さて、複合的な危機に立ち向かうには、統合的な視点は欠かせない。複数の事象が同時に起こる場合の結果は3つある。シナジー(相乗効果)が得られる場合、トレードオフ(相殺効果、二律背反)が生じる場合、お互いに無関係な場合のいずれかである。

このなかで、シナジーは注目されやすい。IPCCの第6次報告書でも、気候変動対策の多くは、SDGsの各ゴールの実現に資すると述べている。同様に、グリーン・ニューディールなど、環境と経済を両立させようとしてきた取組もあった。これらには複数の分野をまたがる関係者の意欲を喚起させる効果と、協働して取り組むことの可能性を拡げる効果がある。すなわち、新しいイノベーションなどを創出する機会に優れているアプローチといえる。しかし、注意も必要である。トレードオフ構造を放置したままでは、シナジーを求めた取組はより多くのトレードオフを生じさせるからである。

一方、トレードオフへの着目も実は悩ましい。個人あるいは個別の会社レベルでは、2つの問題のどちらを重視したらよいかが判断できなかったり、「今度はこの側面も評価しないといけないのか。」など自分ができることと、多面的評価で求められることとのギャップが深まったりする。結局は、誰かが強く主張する、教えてくれるまでは何もしない、という流れを生み出しやすい。 このような悩ましい状況におかれた結果、楽観主義者はシナジーに着目して新しいイノベーションなどの創出を狙い、悲観主義者はトレードオフに着目して、危機的な状況下に追い打ちをかける悪影響を回避しようとする。楽観と悲観とに分かれ、ある種の二極化が生じやすい。

どちらも正しい態度とは言えないだろう。シナジーに着目することも、トレードオフに着目することも、どちらも部分を見ているだけである。全体を良くする(それらを統合していく)には、違う視点が必要である。重大なトレードオフを引き起こす構造をシナジーもしくは無関係な構造に変えることこそ、目指すべきことだろう。

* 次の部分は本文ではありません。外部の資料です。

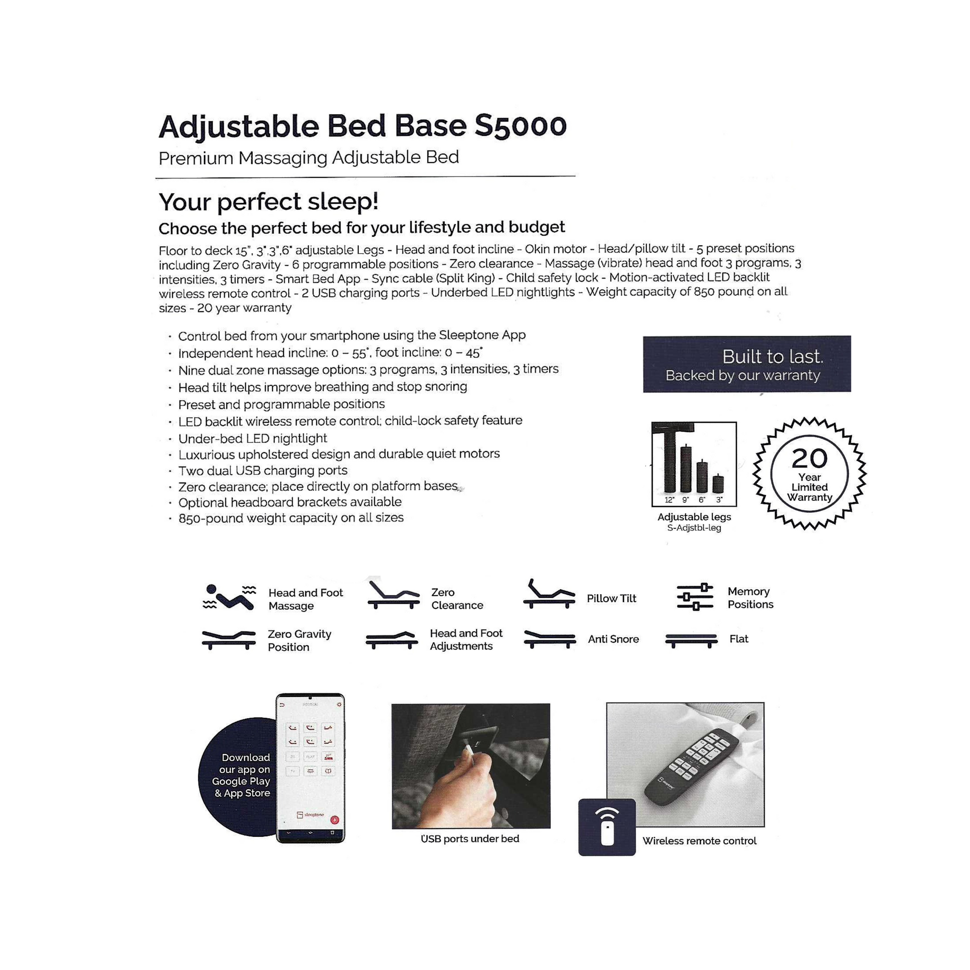 The S5000 Premium Massaging Adjustable Base features a 20-year warranty and a weight capacity of 850 pounds across all sizes. Its floor to deck height is 15" with adjustable legs of 3", 3", and 6" for customizable incline of the head and foot. The base is equipped with an Okin motor, head and pillow tilt, and USB ports on both sides. It also includes a remote, 5 preset positions (including Zero Gravity), and 6 programmable positions. The massage function offers 4 programs, 3 intensities, and 3 timers, with the option of controlling it through a Bluetooth app or a motion-activated LED backlit wireless remote. For added safety, the base has a child safety lock, under-bed LED nightlights, and a zero-clearance design.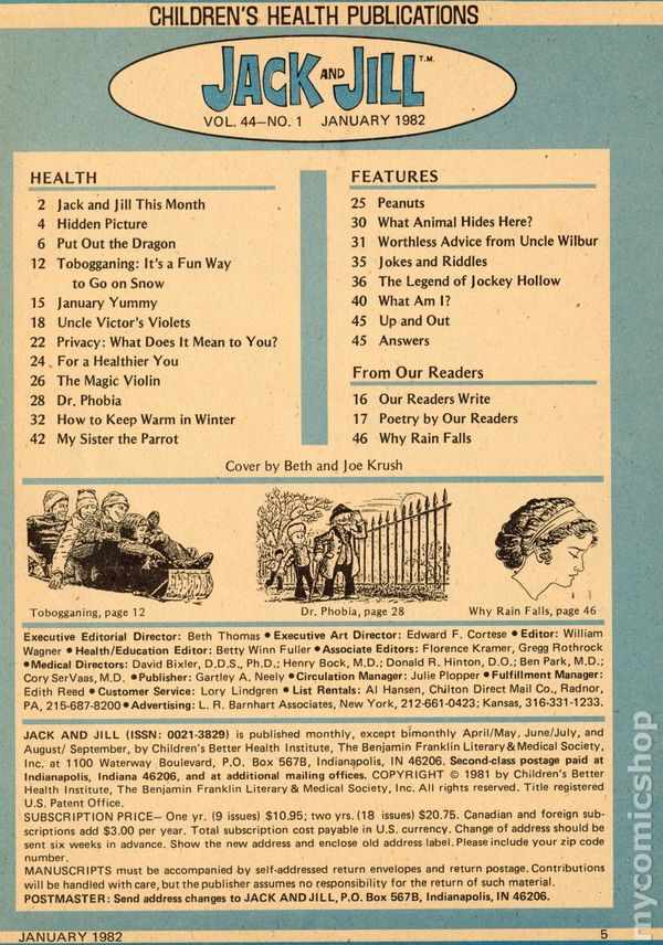 January 1982. All stories written by a collection of writers from the Jack and Jill Magazine company. Art by a number of various artists. 6.5" x 9", 50 pages, full color. Cover price $0.75.

統合的な環境政策の必要性は環境基本計画でも謳われており、第3次から第5次の計画(それぞれ2006年、2012年、2018年)では環境と経済と社会の3つの側面を統合するような環境政策の方向性が打ち出されている。現在、議論されている第6次環境基本計画では、脱炭素社会(カーボンニュートラル)、循環経済(サーキュラーエコノミー)、自然再興(ネイチャーポジティブ)に向けた政策を統合していこうとしている。楽観だけ、あるいは、悲観だけに終始せず、広い視野と粘り強い議論と行動がトリプル・クライシスに直面している日本や各国に要求されている。